Chinese Academy of Sciences identifies first octameric resistosome in wheat, uncovering a unique plant immune mechanism

A team led by the Chinese Academy of Sciences reveals the first eight-unit resistosome in plants, identifying a conserved immune mechanism in wheat and Arabidopsis.

By: AXL Media

Published: Mar 21, 2026, 6:02 AM EDT

Source: Information for this report was sourced from Chinese Academy of Sciences Headquarters

The Cellular Autonomy of Plant Immunity

Unlike the centralized immune systems found in animals, plant immunity is initiated at the individual cellular level. Each cell is equipped with intracellular receptors known as nucleotide-binding, leucine-rich repeat (NLR) receptors, which detect pathogen effector proteins injected into the host. These NLRs are categorized into two primary classes—Toll/interleukin-1 receptor-like (TIR) or coiled-coil (CC) NLRs—depending on their N-terminal structure. Once activated, these receptors form multi-protein complexes called resistosomes that orchestrate the plant's defensive response.

Breaking the Pentameric and Hexameric Mold

Prior to this study, scientists had identified resistosomes that formed as pentamers (five units) or hexamers (six units). These complexes typically initiate immune responses by triggering a calcium (Ca2+) influx into the cytoplasm. However, the activation mechanism of the CCG10-NLR clade remained poorly understood. A collaborative team led by Professor Liu Zhiyong of the Institute of Genetics and Developmental Biology has now identified an octameric (eight-unit) resistosome, representing a previously unknown assembly mechanism in plant biology.

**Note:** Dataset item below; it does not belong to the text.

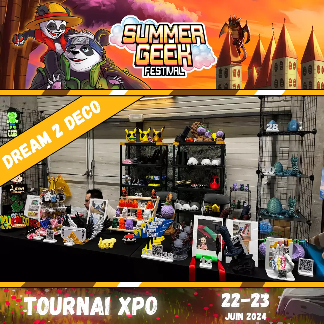 Nous avons le plaisir de vous annoncer que Dream 2 Deco sera présent au Summer Geek Festival ! Spécialisés dans la création d'articles uniques et personnalisés, nous proposons une large gamme de produits pour donner vie à vos idées :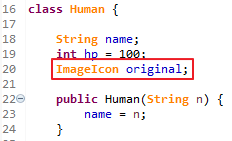 휴먼 클래스에는 슬라임 이미지(정확히는 이미지 아이콘)가 불붙은 모양으로 바뀌는 로직이 포함되어 있습니다. 그래서 원래의 이미지 아이콘을 저장할 original 변수를 선언해 두었습니다.

The Role of the Wheat Autoimmunity 3 Gene

The discovery originated from the study of a specific wheat mutant, "Zhongke 331," which exhibited a spontaneous immune response that hindered its own growth. Through map-based cloning, the researchers identified the Wheat Autoimmunity 3 (WAI3) gene, which encodes a CCG10-NLR protein. A single gain-of-function mutation in this gene's leucine-rich repeat domain caused it to auto-activate, providing a unique opportunity for the team to freeze the protein in its active state and examine its structure using cryo-electron microscopy.